Whenever I missed the word, I made sure to watch the service on the church's YouTube channel and sent my offering via CashApp to my mother. Whether the money made it to the church's account or not was between her and the Lord, but I did my part.

The pastor paused for dramatic effect, used the white towel resting on the transparent lectern to wipe his face, and took a sip of water. To his left, I could see a Jessica Simpson heel fastened around a foot that I knew belonged to my mother—The First Lady. She sat on the pulpit behind her husband at every sermon. He wouldn’t have it any other way.

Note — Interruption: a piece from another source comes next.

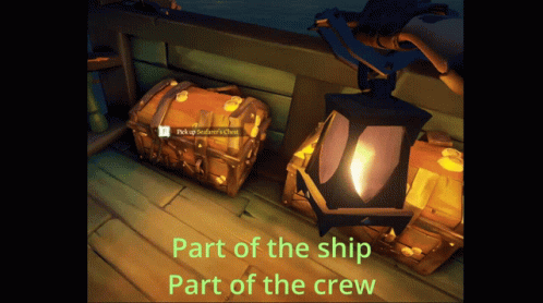 Gameplay footage featuring chests and the iconic phrase 'Part of the ship, Part of the crew', related to Hitbotc Carl.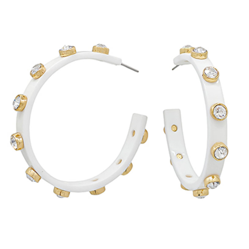 Crystal Station Acetate Hoops - White

Bending his six-foot frame so that he was level with the microphone attached to the lectern, he continued, “There are two verses I want to touch on. Y’all still with me?”

Yeah, Pastor!

We with you!

“All right. Y’all saying that until I say what the Lord has called me to preach this Sunday morning.” He paused again, scanning the crowd.

The camera panned to the audience. Women, in their Sunday best, fanned themselves with the paper fans that had been passed out by the ushers and held the church’s logo. Niggas I’ve served on more than one occasion sat in the back or posted up on the back walls, garnering nasty looks from the ushers. They wanted to get the word, but the importance of keeping their heads on a swivel outweighed the protection of the Lord. Chicago niggas didn’t give a fuck. They’d bust up a funeral if that meant laying down an opp.

“Keep your eyes free from the love of money…”

My body stiffened as he repeated the nine words.

“Hold up… y’all didn’t hear me. I said keep your eyes FREE from the love of money, and be content with what you have because…Godhas said, ‘Never will I leave you; never will I forsake you.’ That’s Hebrew verse thirteen, chapter five. Can I get an amen?”

Amen

Amen

Amen, Pastor

“I ain’t done yet.” He smirked. “Just hold on! Y’all about to be mad at me.”